• Goal of the exercise: The reply should hold only the lines below beginning at the one with "Prodam hrastovo vrtno" and ending at the one with "Jeho jedinečná fasáda", copied exactly, with every picture left out.
------ The records ------
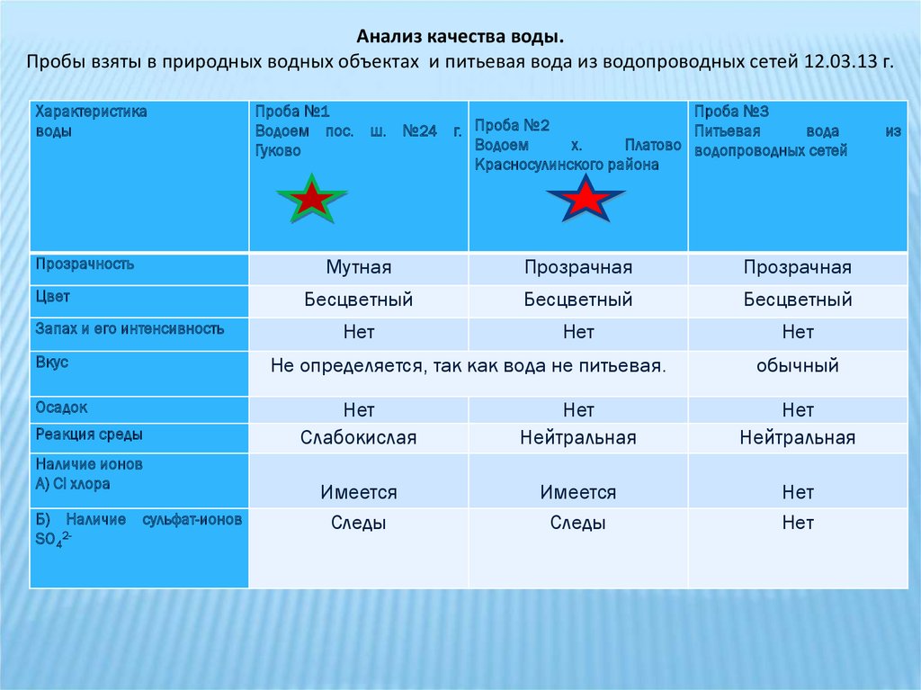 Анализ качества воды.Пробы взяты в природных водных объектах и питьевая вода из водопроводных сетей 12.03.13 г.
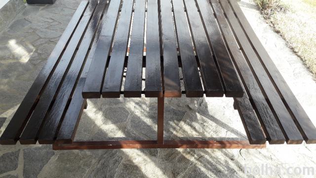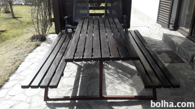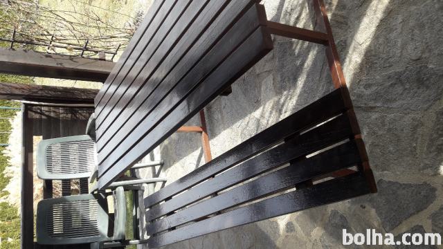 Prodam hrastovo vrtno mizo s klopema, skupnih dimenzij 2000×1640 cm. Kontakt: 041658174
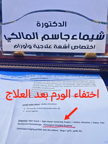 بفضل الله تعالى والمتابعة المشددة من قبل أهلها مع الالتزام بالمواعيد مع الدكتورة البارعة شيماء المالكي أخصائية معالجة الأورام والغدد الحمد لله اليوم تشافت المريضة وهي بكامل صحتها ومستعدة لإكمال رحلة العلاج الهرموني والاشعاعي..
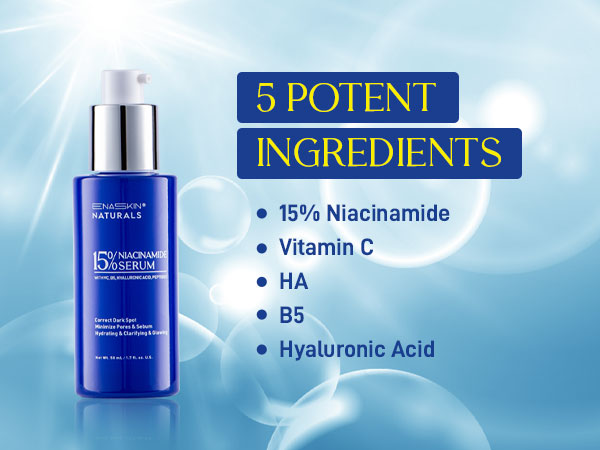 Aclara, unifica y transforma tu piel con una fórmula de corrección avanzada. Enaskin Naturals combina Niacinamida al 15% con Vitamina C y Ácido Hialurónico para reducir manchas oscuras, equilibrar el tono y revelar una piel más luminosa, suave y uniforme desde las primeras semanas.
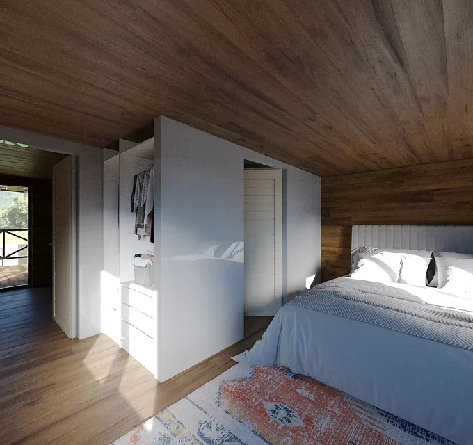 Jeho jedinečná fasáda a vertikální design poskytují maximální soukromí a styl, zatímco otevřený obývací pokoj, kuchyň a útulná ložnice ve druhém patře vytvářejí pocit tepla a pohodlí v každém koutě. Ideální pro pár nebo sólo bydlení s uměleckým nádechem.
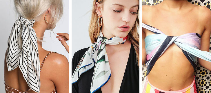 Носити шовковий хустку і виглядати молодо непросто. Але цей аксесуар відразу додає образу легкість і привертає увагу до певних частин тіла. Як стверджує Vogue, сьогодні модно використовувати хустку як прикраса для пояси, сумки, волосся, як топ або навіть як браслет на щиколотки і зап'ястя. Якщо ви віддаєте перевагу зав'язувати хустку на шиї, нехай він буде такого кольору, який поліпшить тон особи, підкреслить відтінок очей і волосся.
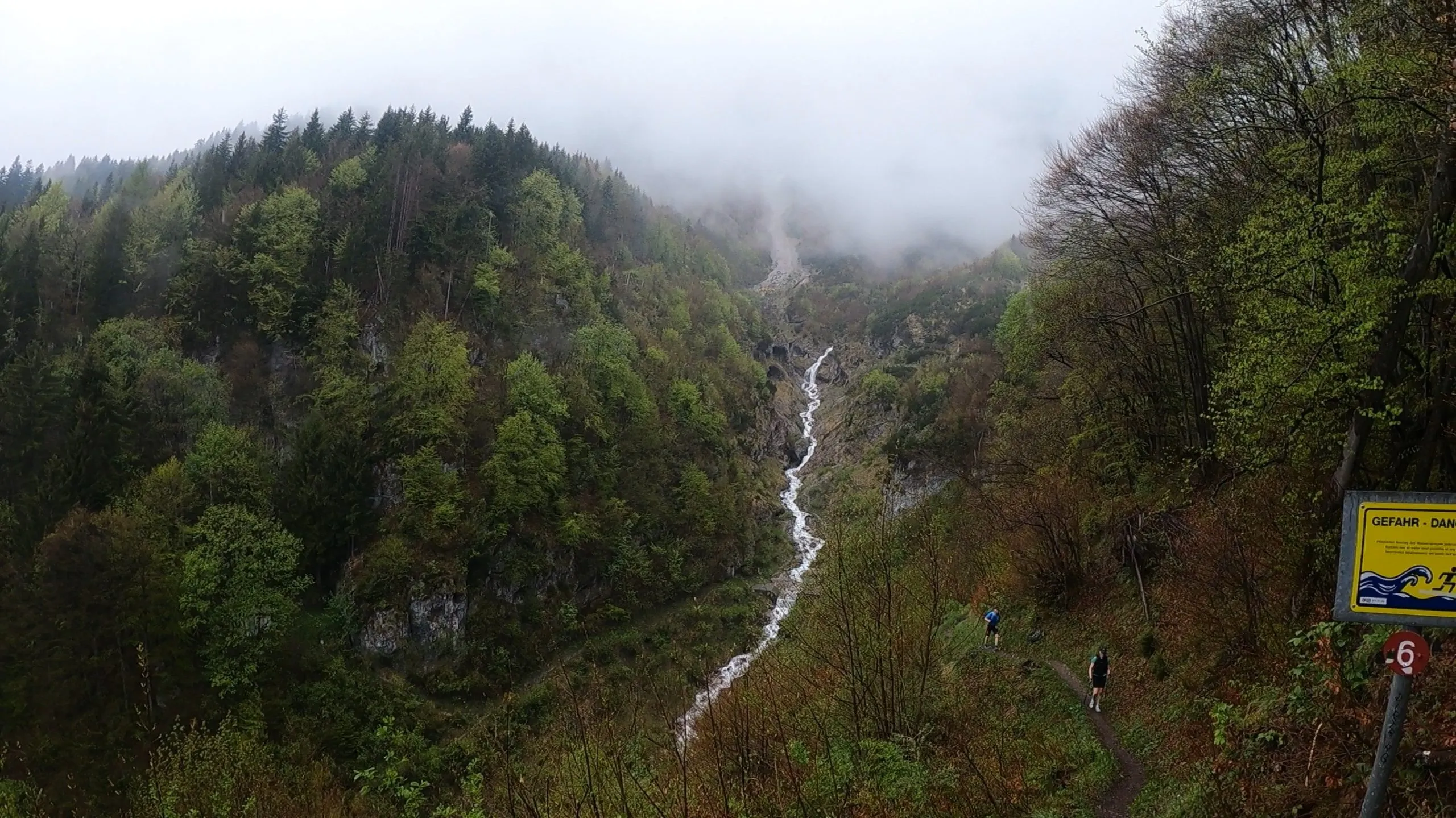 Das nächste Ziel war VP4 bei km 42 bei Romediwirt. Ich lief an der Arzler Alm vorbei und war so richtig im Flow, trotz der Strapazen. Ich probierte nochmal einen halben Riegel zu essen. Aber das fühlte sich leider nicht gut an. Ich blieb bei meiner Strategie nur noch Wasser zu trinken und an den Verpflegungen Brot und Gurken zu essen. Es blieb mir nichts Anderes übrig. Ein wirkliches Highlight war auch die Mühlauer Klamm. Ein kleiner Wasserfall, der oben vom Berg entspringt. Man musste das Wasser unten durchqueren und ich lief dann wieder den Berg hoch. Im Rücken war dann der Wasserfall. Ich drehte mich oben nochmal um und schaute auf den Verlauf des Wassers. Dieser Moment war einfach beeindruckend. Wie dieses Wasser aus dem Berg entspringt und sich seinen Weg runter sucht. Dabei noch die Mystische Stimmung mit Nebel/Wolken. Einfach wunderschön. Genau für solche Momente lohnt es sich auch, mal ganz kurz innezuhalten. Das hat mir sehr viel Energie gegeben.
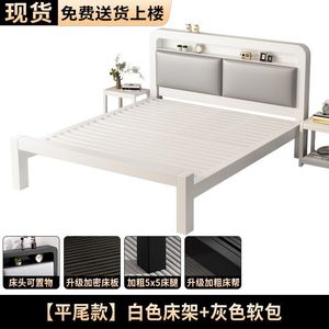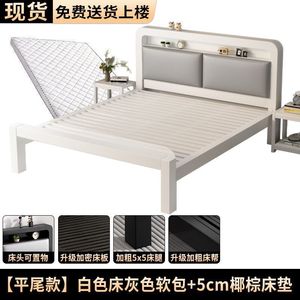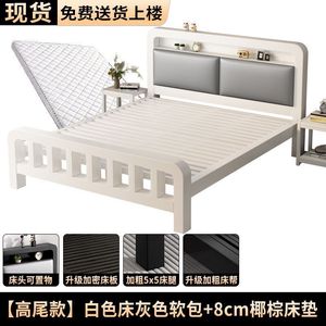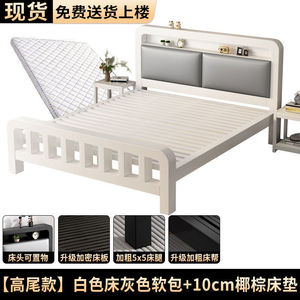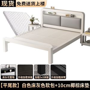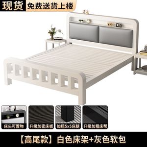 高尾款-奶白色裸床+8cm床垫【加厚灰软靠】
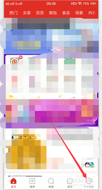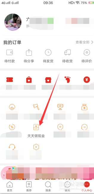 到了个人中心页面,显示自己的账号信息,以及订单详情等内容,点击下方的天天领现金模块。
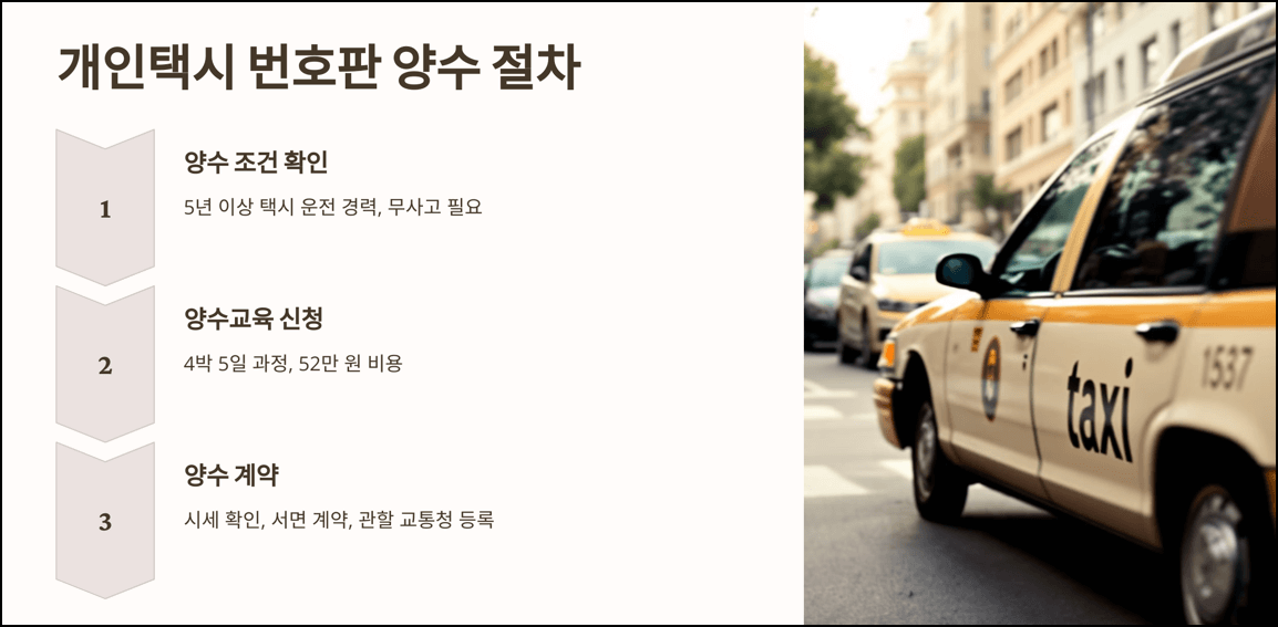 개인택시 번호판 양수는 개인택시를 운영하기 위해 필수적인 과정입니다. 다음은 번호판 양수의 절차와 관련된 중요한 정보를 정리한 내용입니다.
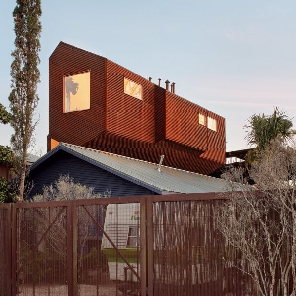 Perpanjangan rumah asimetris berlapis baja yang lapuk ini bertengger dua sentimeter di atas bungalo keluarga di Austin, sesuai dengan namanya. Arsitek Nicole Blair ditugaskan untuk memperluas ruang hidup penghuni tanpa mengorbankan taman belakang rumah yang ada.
------
• Task output:
 Prodam hrastovo vrtno mizo s klopema, skupnih dimenzij 2000×1640 cm. Kontakt: 041658174
 بفضل الله تعالى والمتابعة المشددة من قبل أهلها مع الالتزام بالمواعيد مع الدكتورة البارعة شيماء المالكي أخصائية معالجة الأورام والغدد الحمد لله اليوم تشافت المريضة وهي بكامل صحتها ومستعدة لإكمال رحلة العلاج الهرموني والاشعاعي..
 Aclara, unifica y transforma tu piel con una fórmula de corrección avanzada. Enaskin Naturals combina Niacinamida al 15% con Vitamina C y Ácido Hialurónico para reducir manchas oscuras, equilibrar el tono y revelar una piel más luminosa, suave y uniforme desde las primeras semanas.
 Jeho jedinečná fasáda a vertikální design poskytují maximální soukromí a styl, zatímco otevřený obývací pokoj, kuchyň a útulná ložnice ve druhém patře vytvářejí pocit tepla a pohodlí v každém koutě. Ideální pro pár nebo sólo bydlení s uměleckým nádechem.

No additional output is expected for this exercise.